PROBLEM DETAILS:
Within the listing that follows, reproduce exactly the lines starting at the line with "A vision of" and ending at the line with "Behrends-Musinowski 77. –", inclusive, and only those. Pictures are dropped.
[Opening DATA SUPPLIED section]
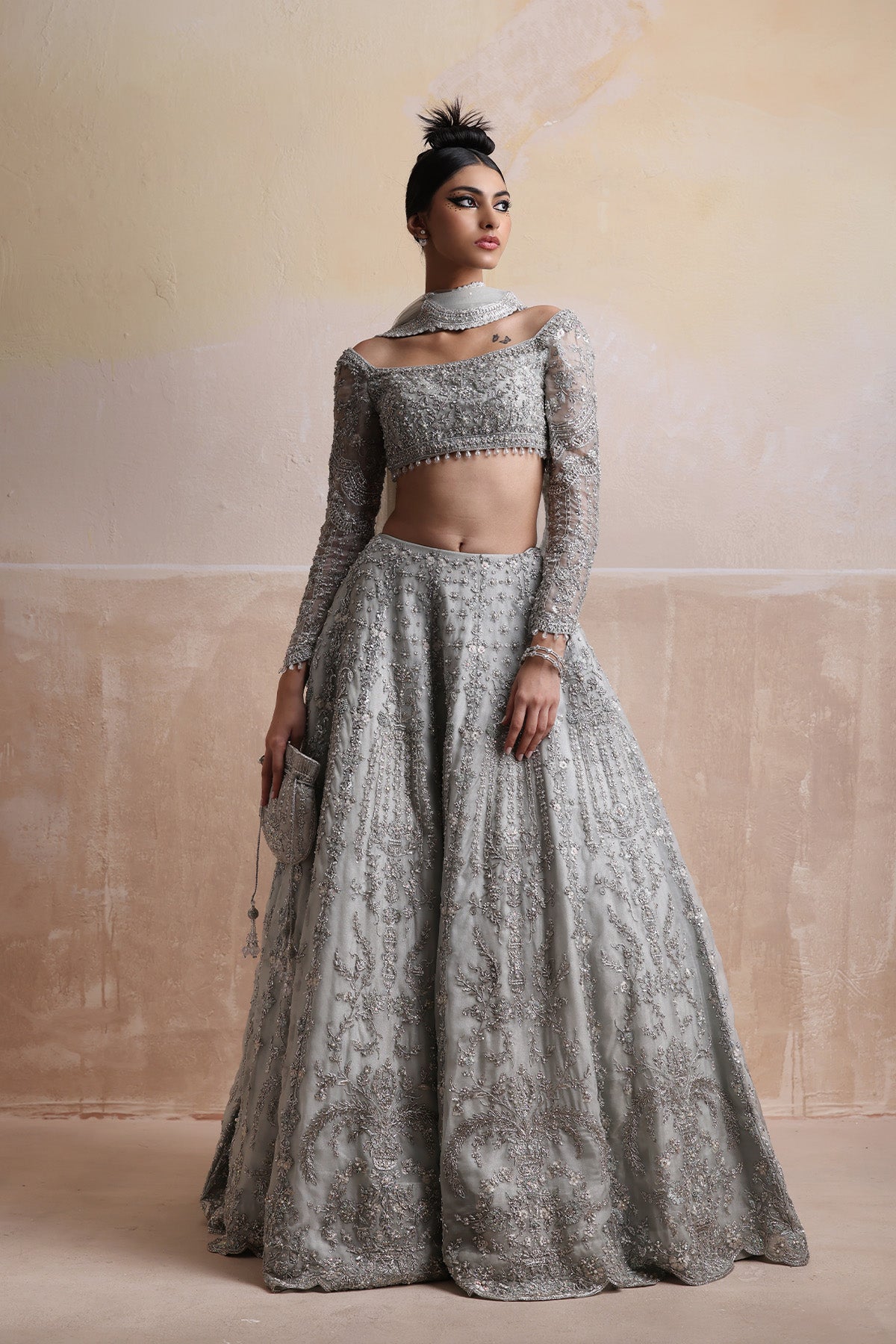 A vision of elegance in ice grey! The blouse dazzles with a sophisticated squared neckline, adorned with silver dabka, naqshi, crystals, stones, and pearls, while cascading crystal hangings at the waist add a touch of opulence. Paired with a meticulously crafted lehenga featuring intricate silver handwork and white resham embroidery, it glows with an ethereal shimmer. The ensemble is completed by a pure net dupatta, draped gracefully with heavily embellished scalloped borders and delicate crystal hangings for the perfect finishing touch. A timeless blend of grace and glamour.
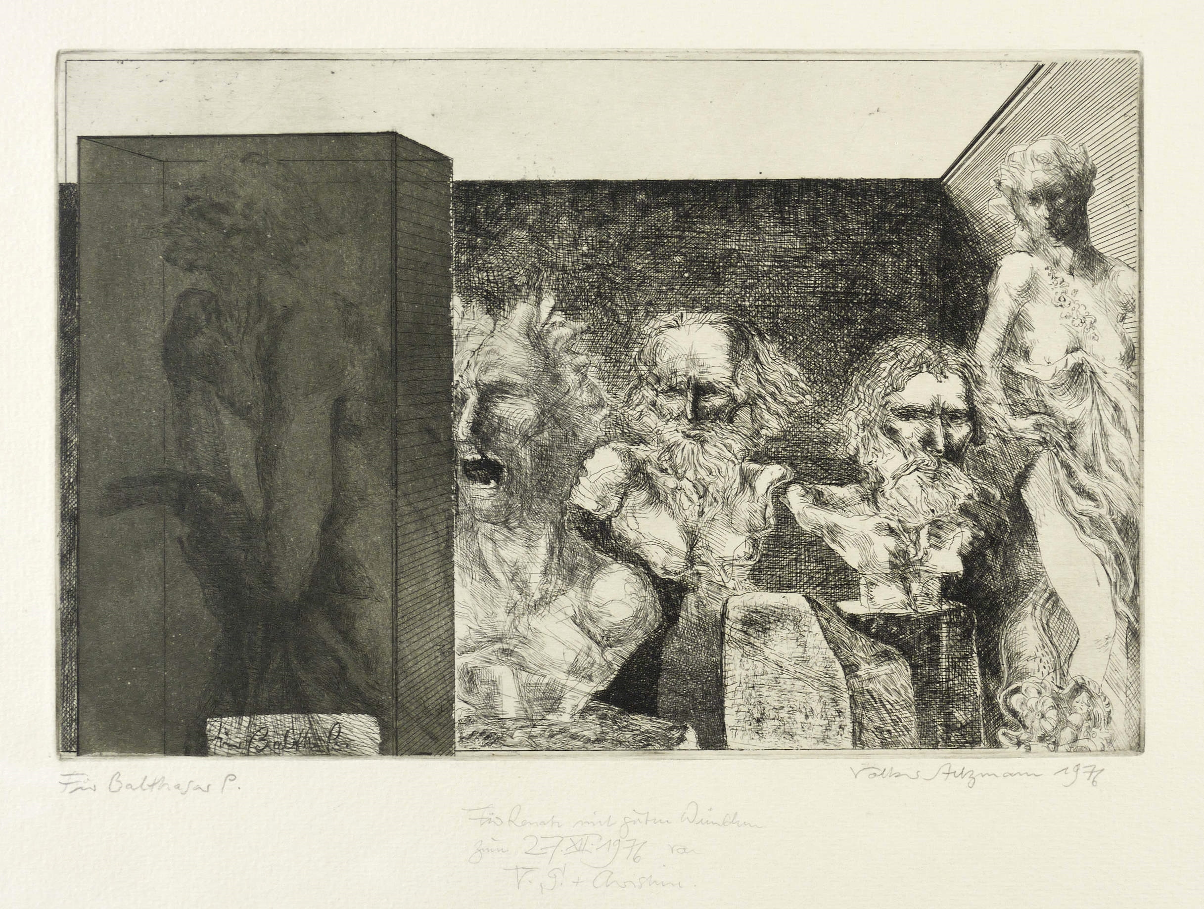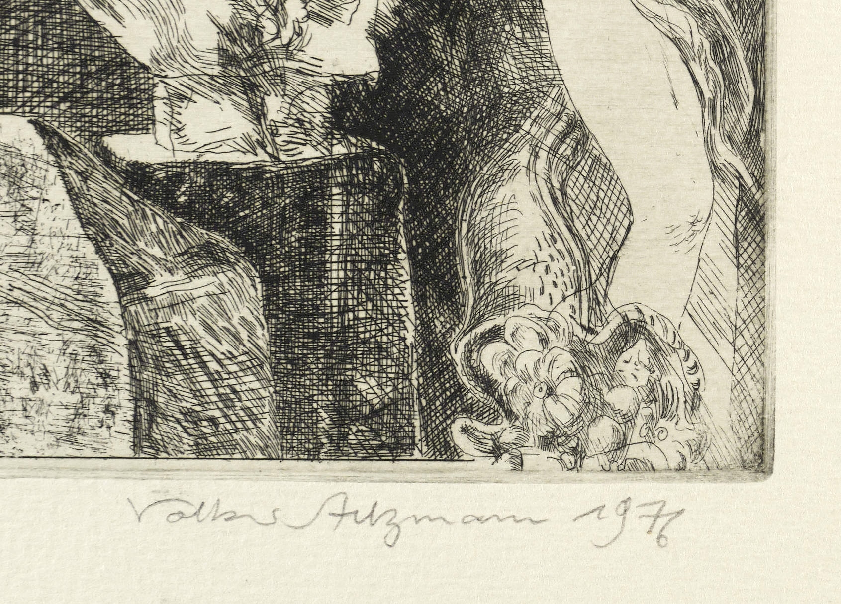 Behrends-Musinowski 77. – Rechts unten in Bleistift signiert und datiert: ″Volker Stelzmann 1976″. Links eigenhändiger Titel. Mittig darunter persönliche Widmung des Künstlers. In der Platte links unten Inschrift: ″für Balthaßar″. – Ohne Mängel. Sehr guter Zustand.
[Closing DATA SUPPLIED section]
[Opening DATA SUPPLIED section]
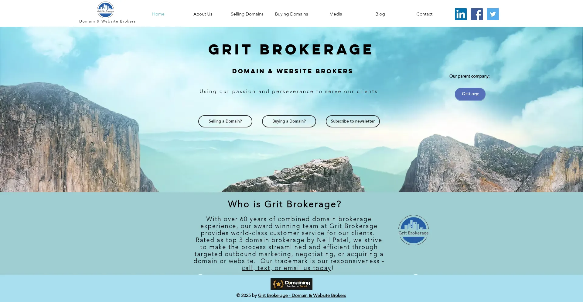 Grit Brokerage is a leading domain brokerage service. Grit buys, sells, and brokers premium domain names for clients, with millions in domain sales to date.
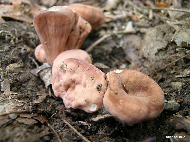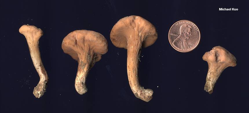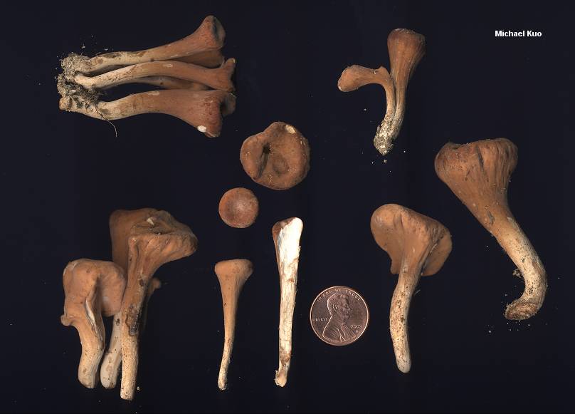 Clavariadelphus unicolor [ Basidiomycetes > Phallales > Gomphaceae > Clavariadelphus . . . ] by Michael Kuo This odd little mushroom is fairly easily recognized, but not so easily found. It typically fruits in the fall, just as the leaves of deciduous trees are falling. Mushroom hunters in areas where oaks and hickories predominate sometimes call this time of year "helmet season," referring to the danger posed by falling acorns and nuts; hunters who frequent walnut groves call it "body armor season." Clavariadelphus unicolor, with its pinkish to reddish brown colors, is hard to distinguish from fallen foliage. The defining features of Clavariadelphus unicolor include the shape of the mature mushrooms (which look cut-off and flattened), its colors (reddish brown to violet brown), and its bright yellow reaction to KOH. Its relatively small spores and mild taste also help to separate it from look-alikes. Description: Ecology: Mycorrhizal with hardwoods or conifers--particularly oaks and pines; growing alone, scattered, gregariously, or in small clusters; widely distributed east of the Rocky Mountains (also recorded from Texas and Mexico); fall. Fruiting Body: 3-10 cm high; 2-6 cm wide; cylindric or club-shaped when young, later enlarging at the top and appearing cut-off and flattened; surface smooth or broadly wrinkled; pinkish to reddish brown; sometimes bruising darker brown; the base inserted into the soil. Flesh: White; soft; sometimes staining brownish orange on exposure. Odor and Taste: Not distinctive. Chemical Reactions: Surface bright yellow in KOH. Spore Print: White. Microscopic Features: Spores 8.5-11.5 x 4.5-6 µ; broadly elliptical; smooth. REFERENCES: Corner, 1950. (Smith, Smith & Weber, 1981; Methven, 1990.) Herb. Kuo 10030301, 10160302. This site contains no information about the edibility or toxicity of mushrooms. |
[Closing DATA SUPPLIED section]
RESPONSE AREA:
 A vision of elegance in ice grey! The blouse dazzles with a sophisticated squared neckline, adorned with silver dabka, naqshi, crystals, stones, and pearls, while cascading crystal hangings at the waist add a touch of opulence. Paired with a meticulously crafted lehenga featuring intricate silver handwork and white resham embroidery, it glows with an ethereal shimmer. The ensemble is completed by a pure net dupatta, draped gracefully with heavily embellished scalloped borders and delicate crystal hangings for the perfect finishing touch. A timeless blend of grace and glamour.
 Behrends-Musinowski 77. – Rechts unten in Bleistift signiert und datiert: ″Volker Stelzmann 1976″. Links eigenhändiger Titel. Mittig darunter persönliche Widmung des Künstlers. In der Platte links unten Inschrift: ″für Balthaßar″. – Ohne Mängel. Sehr guter Zustand.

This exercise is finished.